PROVIDED DATA:
--- START ---
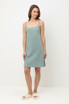 Пижама женская, состотящая из майки и шорт. Майка - из полотна ""кулирка"" в клетку, расширенная книзу, с окантованными горловиной и проймами. Шорты - из полотна ""кулирка"" в клетку, расклешеные, короткие, с эластичной тесьмой по талии. Примечание: Цвет окантовки пройм и горловины вариативен - из основного материала или однотонного серого.
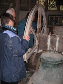 The English style of bell ringing involves the bells swinging through a full 360 degrees from mouth up to mouth up and back. The continentental style is for a hammer to strike the bell. The English style gives a richer sound but is more wearing on the frame, and the bell ringers.
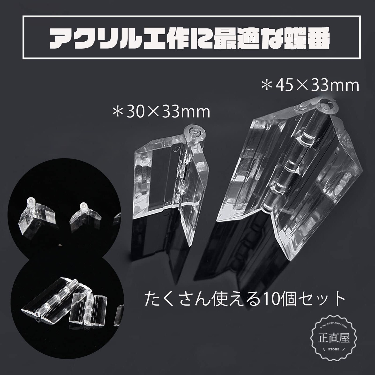 正直屋 透明 アクリル蝶番 アクリル ヒンジ 兆番 折り畳み式蝶番 透明ヒンジ 10個セット (4533mm)
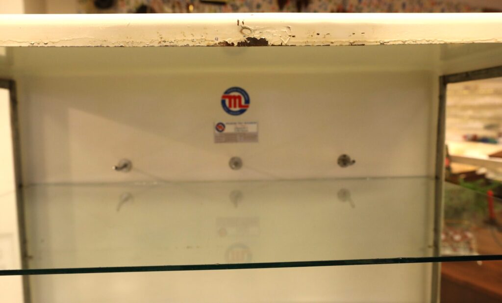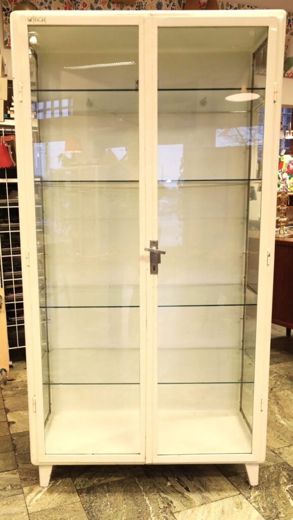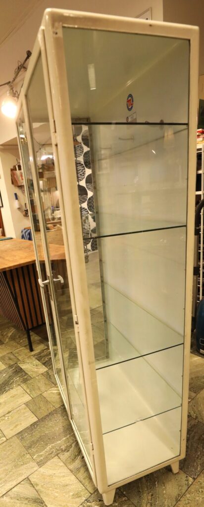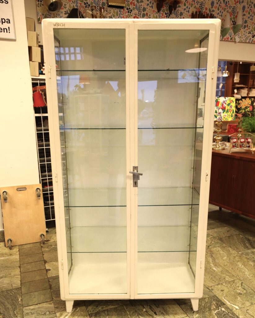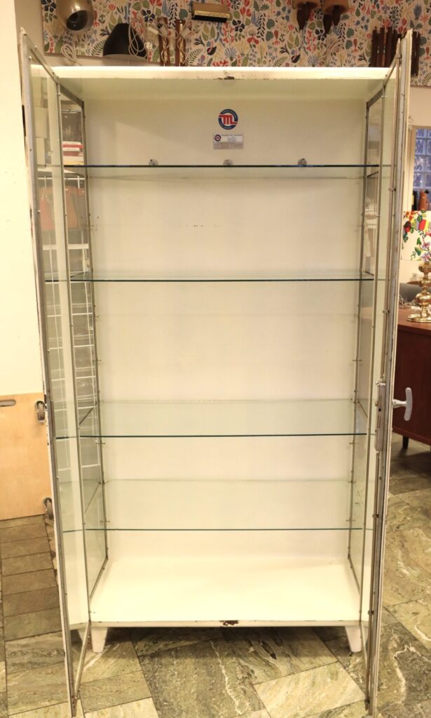 Skåpet är i målad metall och har två glasdörrar. Inuti skåpet finns tre hyllplan i glas som effektivt utnyttjar utrymmet och ger möjlighet till en optimal presentation av dina föremål. Om du vuill ha med så skickar vi med ett extra hyllplan som har lite defekter.
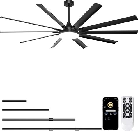 Ohniyou 96'' Industrial Ceiling Fan With Bright Lights - Remote/APP Control, High CFM, Extra Large Shop Ceiling Fan For Covered Outdoor Patio, Gym,
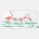 Mid-century inspired design with a retro touch featuring a group of pink flamingos standing in aqua water against a white background. A customisable design for you to personalise with your own text, images and ideas. An original digital art image created by Jess Perry at QuirkyChic Retro.
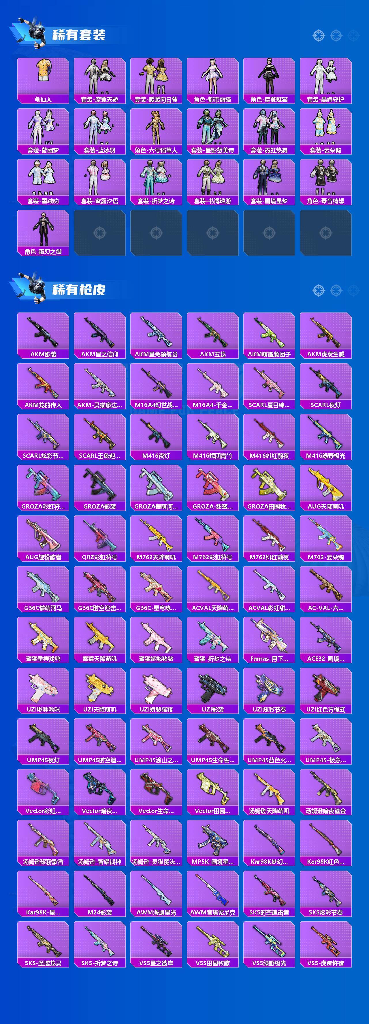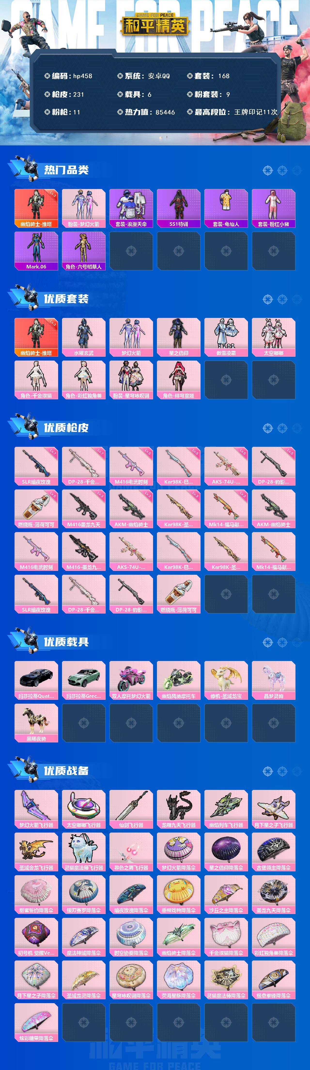 - [16335473]苹果 手Q-1神装-8粉装-13特效枪-4载具-9粉色飞行器-85353热力值-17王牌印记-164套装-264枪皮【红色神装等级】:辉羽雀灵-初翊(二级)【红色角色神装】:辉羽雀灵-初翊【热门品类】:粉装-梦幻火箭,套装-浪漫天命,套装-奇异狩猎者,套装-龟仙人,套装-暗影哥特【粉色套装】:粉装-梦幻火箭,粉装-星之彼岸,粉装-炫光之旅,角色-白兰星,粉装-蜜语绒猫,角色-烟云彩露,角色-千金淑猫,角色-智耀战神【粉色枪皮等级】:AKM-绿萝繁花(五级),AKM-幽焰骑士(三级),SCAR-L-锦绣绵绵(五级),M416-五爪金龙(六级),GROZA-镜光银凌(五级),AUG-暖羊咩咩(五级),UMP45-量子极限(五级),Kar98K-巳巳如意(五级),Kar98K-圣域龙灵(三级),Mk14-甜梦熊击(五级),DP-28-豹影疾电(五级),MG3-洛神天依(四级),平底锅-喜羊羊与灰太狼(二级)【粉色载具】:宾利欧陆GT敞篷(火焰橘),永恒黄蜂,幻影随行,僚机-萌兔起飞,辉羽雀灵自行车【粉色枪皮】:AKM-绿萝繁花,AKM-幽焰骑士,SCAR-L-锦绣绵绵,M416-五爪金龙,GROZA-镜光银凌,AUG-暖羊咩咩,UMP45-量子极限,Kar98K-巳巳如意,Kar98K-圣域龙灵,Mk14-甜梦熊击,DP-28-豹影疾电,MG3-洛神天依,平底锅-喜羊羊与灰太狼【粉色飞行器】:梦幻火箭飞行器,镜域双华-灵镜之阶,绝色倾城飞行器,龙翔九天飞行器,深渊漩涡飞行器,万象金身飞行器,圣域金龙飞行器,雀灵庇佑飞行器
--- END ---
THE TASK:
Although the records above contain pictures, the copy should hold only the lines from their start through the line containing "Ohniyou 96'' Industrial", each exactly as written, and none of the pictures.

RESULT FOR THIS EXERCISE:
 Пижама женская, состотящая из майки и шорт. Майка - из полотна ""кулирка"" в клетку, расширенная книзу, с окантованными горловиной и проймами. Шорты - из полотна ""кулирка"" в клетку, расклешеные, короткие, с эластичной тесьмой по талии. Примечание: Цвет окантовки пройм и горловины вариативен - из основного материала или однотонного серого.
 The English style of bell ringing involves the bells swinging through a full 360 degrees from mouth up to mouth up and back. The continentental style is for a hammer to strike the bell. The English style gives a richer sound but is more wearing on the frame, and the bell ringers.
 正直屋 透明 アクリル蝶番 アクリル ヒンジ 兆番 折り畳み式蝶番 透明ヒンジ 10個セット (4533mm)
 Skåpet är i målad metall och har två glasdörrar. Inuti skåpet finns tre hyllplan i glas som effektivt utnyttjar utrymmet och ger möjlighet till en optimal presentation av dina föremål. Om du vuill ha med så skickar vi med ett extra hyllplan som har lite defekter.
 Ohniyou 96'' Industrial Ceiling Fan With Bright Lights - Remote/APP Control, High CFM, Extra Large Shop Ceiling Fan For Covered Outdoor Patio, Gym,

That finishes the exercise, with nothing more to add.